A creditor obtained a judicial judgment ordering a debtor to pay his debt. The creditor then approaches a judicial enforcement officer to investigate which assets could be seized. In her search the judicial enforcement officer discovers that the debtor might have cryptocurrencies stored in a so-called wallet. The wallet is stored on the debtor’s mobile phone. The judicial enforcement officer demands to know what the content of the wallet is and makes clear that she wants to seize its content.


Enforcing judgements against debtors who have various valuable digital assets, such as cryptocurrencies, seems to be a worldwide problem. Access to wallets is, for various and very valid reasons, cryptographically protected by so-called ‘keys’, particularly the ‘private key’. If the debtor refuses to inform the judicial enforcement officer of the private key, hardly any measures are possible to gain access. The judicial enforcement officer is not involved in a criminal investigation and does not have the knowledge or legal power to break into (in other words: ‘hack’) the wallet. Should judicial enforcement officers be given greater legal powers? Could a solution be that the judicial enforcement officer seizes the servers on which the cryptocurrencies are stored, but how realistic is this in the case of a public blockchain?


Case Study 2

A start-up company issues so-called ‘tokens’ as part of its ‘Initial Coin Offering’. The tokens are bought by various investors, as part of a crowdfunding project.
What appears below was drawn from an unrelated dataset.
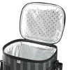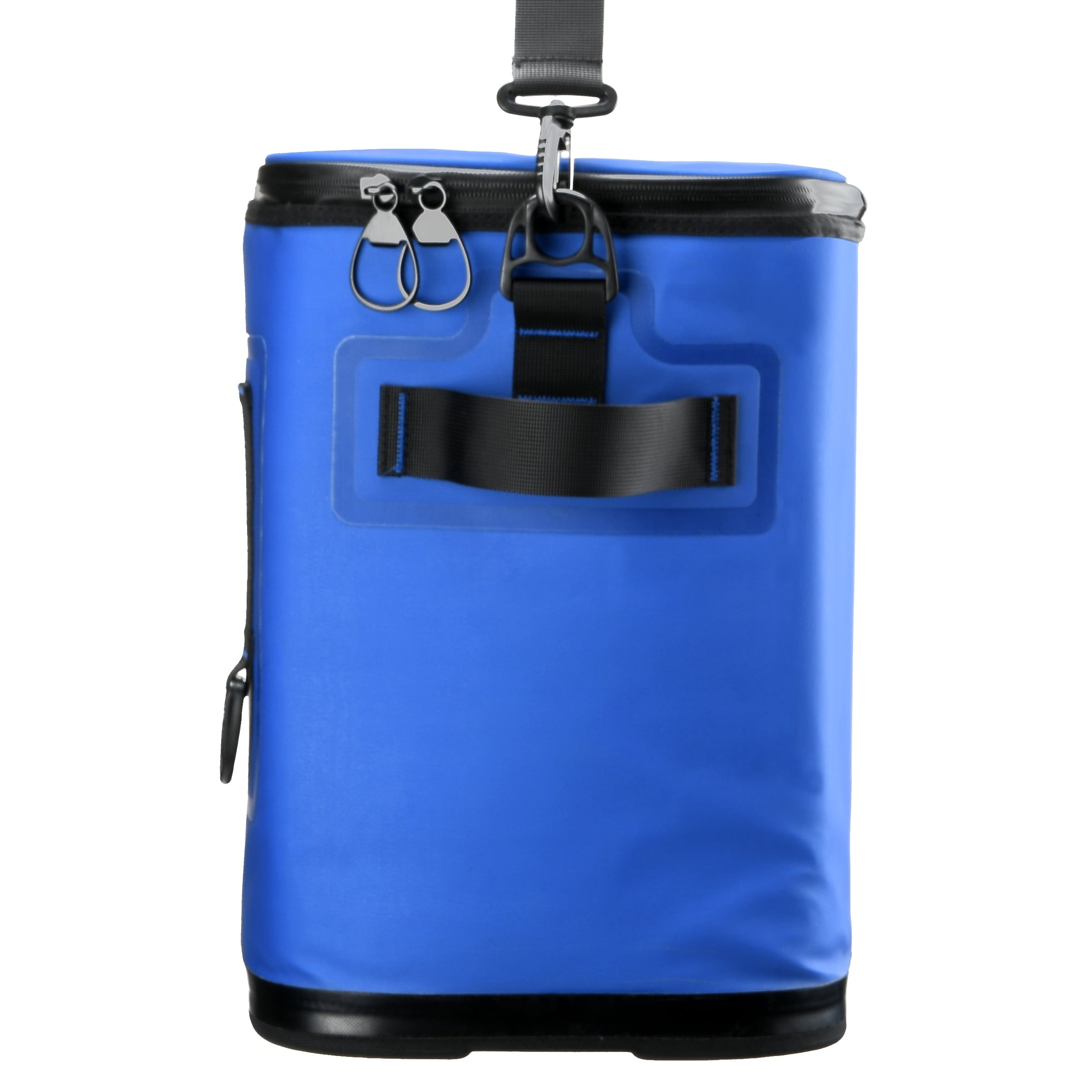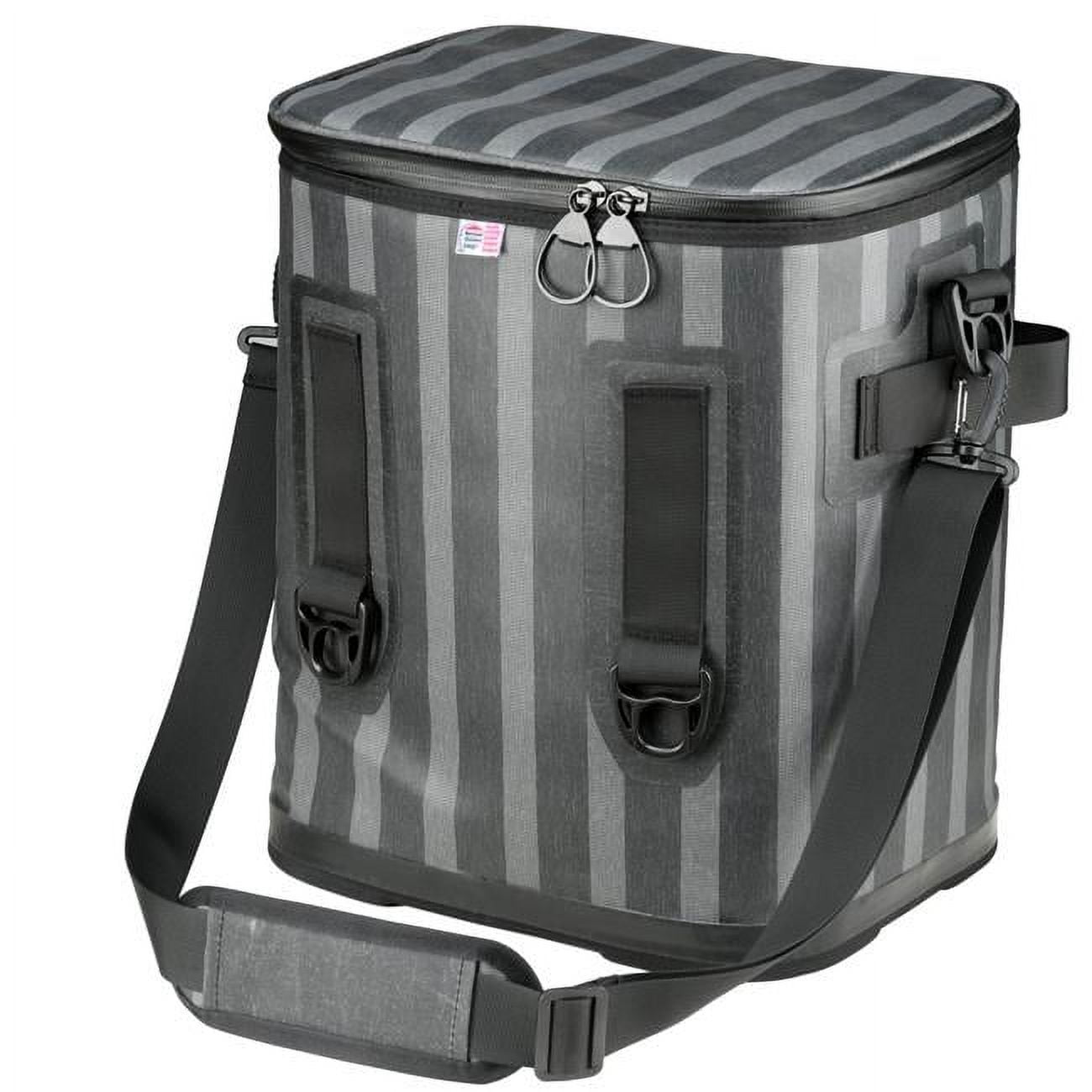 Prepare for a day on the move with this large capacity cooler featuring a padded and adjustable shoulder strap for carrying convenience. Durable, bright blue polyester exterior is leakproof and waterproof. Interior is aluminum foil lined and insulated to keep everything inside hot/cold. Full opening zippered top allows for easy visibility and accessibility to contents. This compact grab-and-go cooler is great for picnics, road trips, camping or canoeing.
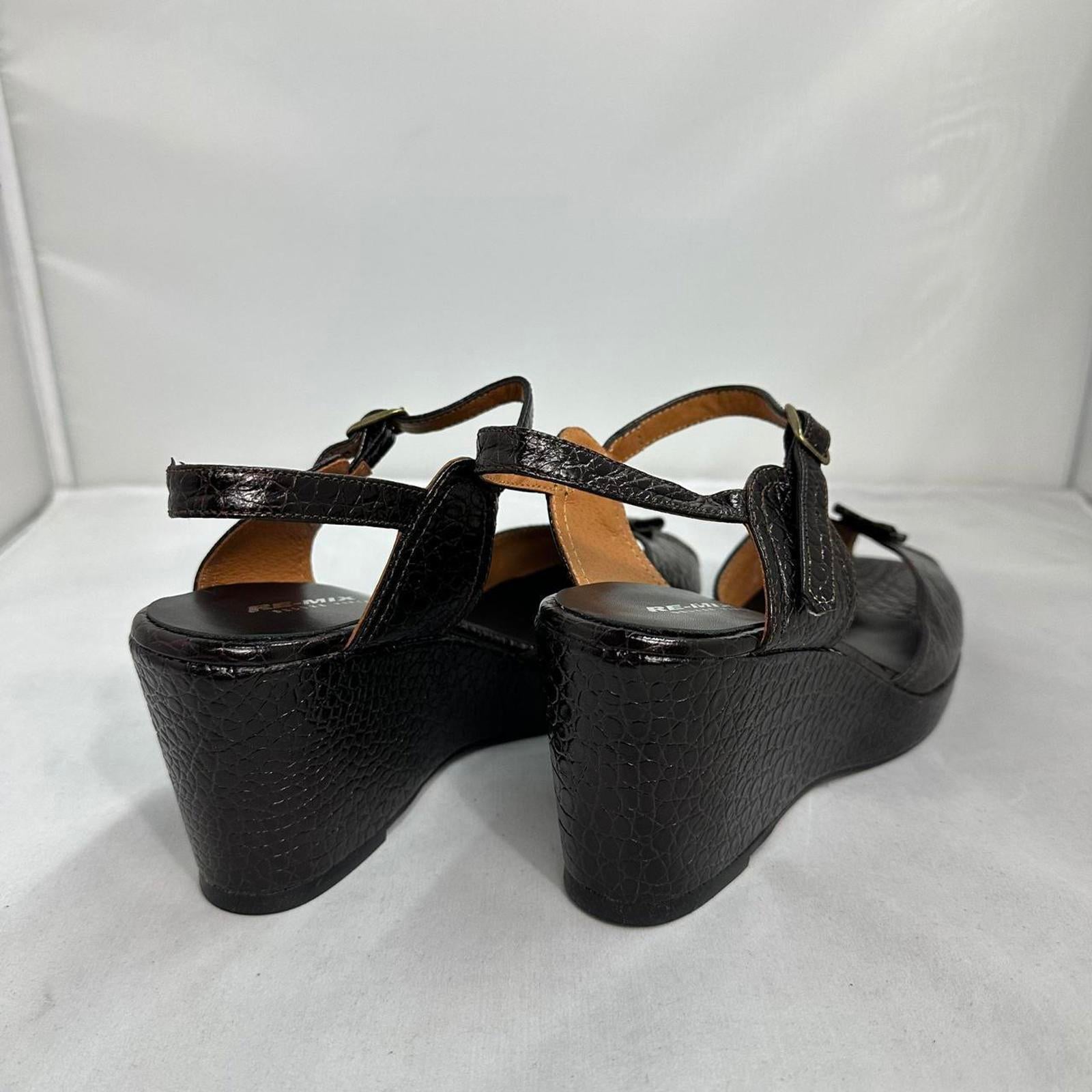 Re-Mix Brown Croc-Embossed Leather Wedge Sandals(10)

One of the investors suddenly needs a loan and goes to his bank, offering the tokens as security.


Tokens are digital assets which represent a part of the economic value of a company, as is the case with shares. The difference with shares is that issuing tokens, on the basis of a ‘White Paper’ is still largely unregulated and takes place outside existing capital markets and capital market regulation aimed at investor protection. The tokens are, like other types of cryptocurrencies, stored in a wallet. This means that, if the tokens are for example given as non-possessory security to a bank, the bank will need the private key (see above under Case Study 1) to gain access to the pledged digital assets. What if the debtor refuses? This creates a risk which no bank will take. A solution might be that the debtor transfers the asset to a third party, debtor and bank sign an escrow arrangement under which the third party, acting as escrow agent, after full repayment of the debt either returns the tokens to the debtor or transfers the tokens to the bank as part of an enforced sale procedure.


Case Study 3

After the deceased passed away the heirs find a laptop. By pure luck, while looking through the deceased’s papers, they find the code giving them access to the laptop. On the laptop they discover that the deceased had an Internet banking account (no printed statements were available), various social media accounts (eg an account that stores family pictures), an e-mail account and they discover that the deceased must have a PayPal account.


All of these assets can be qualified as a record that is created, recorded, transmitted or stored in digital or other intangible form by electronic, magnetic or optical means or by any other similar means. Most of these records will have economic value, but that does not necessarily need to be the case as certain records might not be very valuable, but may have great emotional value. Heirs will want to approach the bank and also PayPal asking about the account and the balance, they may want to have (a copy of) the pictures in the social media account and access to the e-mail account. Regarding the social media accounts and the e-mail account, data protection (privacy) questions may arise and data protection may be used as an argument by the developer of the social media account or the bank to refuse to give access. In the case of the social media account these arguments may be stronger than in the case of a bank account or PayPal. Which information should be given to heirs when they ask for access to the digital assets but not demand control of the assets themselves yet?

Most likely these questions, at least for the time being will in the first place be decided by courts,  although countries are increasingly preparing legislation or have already enacted statutory provisions regarding certain aspects of what are called ‘disruptive technologies’ (distributed ledger technology, blockchains, smart contracts etc). 

This is why the various questions raised here in the three case studies for now must primarily be answered from the perspective of the judiciary and those working in public service, such as (civil law) notaries and enforcement agents.